Boolean rules are bugging me

Question

I just encountered a propably simple problem with booleans

If I have an if statement like this one: !(!A && !B) && B, how does it exactly go?

I thought it was the same as A && B (inverts the conditions inside the brackets), but it obviously wasn't.. which is bugging me

So, would someone like to elaborate how it really goes because I think I'm missing something here?

Answer 1

Unfortunately, in general case you cannot use logic identities in programming as you do that at discrete mathematics class.

As it was mentioned by HashPsi and Bas van Stein, from the logical point of view your expression is equivalent to B. In the real world you can have the following code:

def A():
  throw StupidException()

def B():
  return True

!(!A() && !B()) && B() # throws exception
B() # returns True

So technically your expression differs significantly from just B. You can argue that this is very specific example, but in practice most of your functions have some side effects, so in general you can never assume that mathematical logic works for boolean expressions.

As a real-world example where ordering of boolean expressions matters, you can consider a following idiomatic C++ code:

if (foo && foo->bar()) {do something}

The code above would check that foo is not null before calling bar method.
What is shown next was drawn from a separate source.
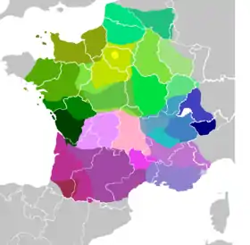 ![]() المنطقة التاريخية لتطور الغالو رومانسية المحصورة (لغات أويل والبروفنسالية الفرنسية واللغات الأوكسيتانية). | ||||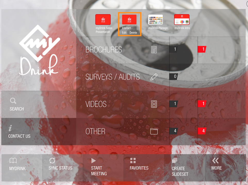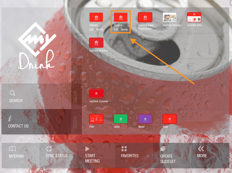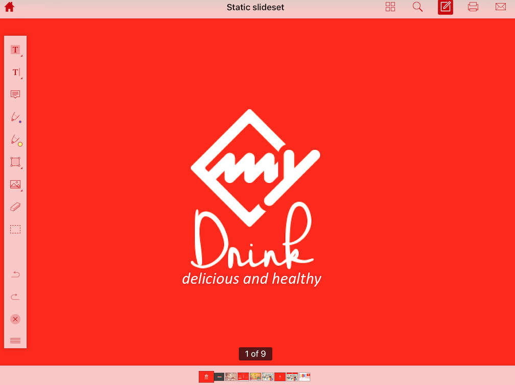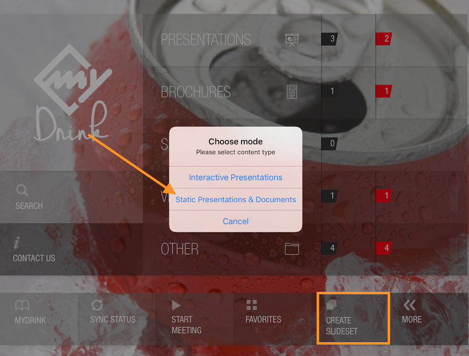 The custom slideset contains PDF pages ("Hand-Made Brand Guide") and Presentation slides (myDrink Sales Presentation) as shown below.

If you just rearrange that expression, you'll get a crush:

if (foo->bar() && foo) {do something}

If foo==nullptr, foo->bar will cause termination of program, since foo->bar() will try to be called before check of foo value.

Answer 2

!(!A && !B) = (A || B)

so

!(!A && !B) && B = (A || B) && B = A && B || B = B

The final result is simply B

Answer 3

!(!A && !B) && B is the sams as (A || B) && B you forgot to invert the and to or. Which in turn btw is just B.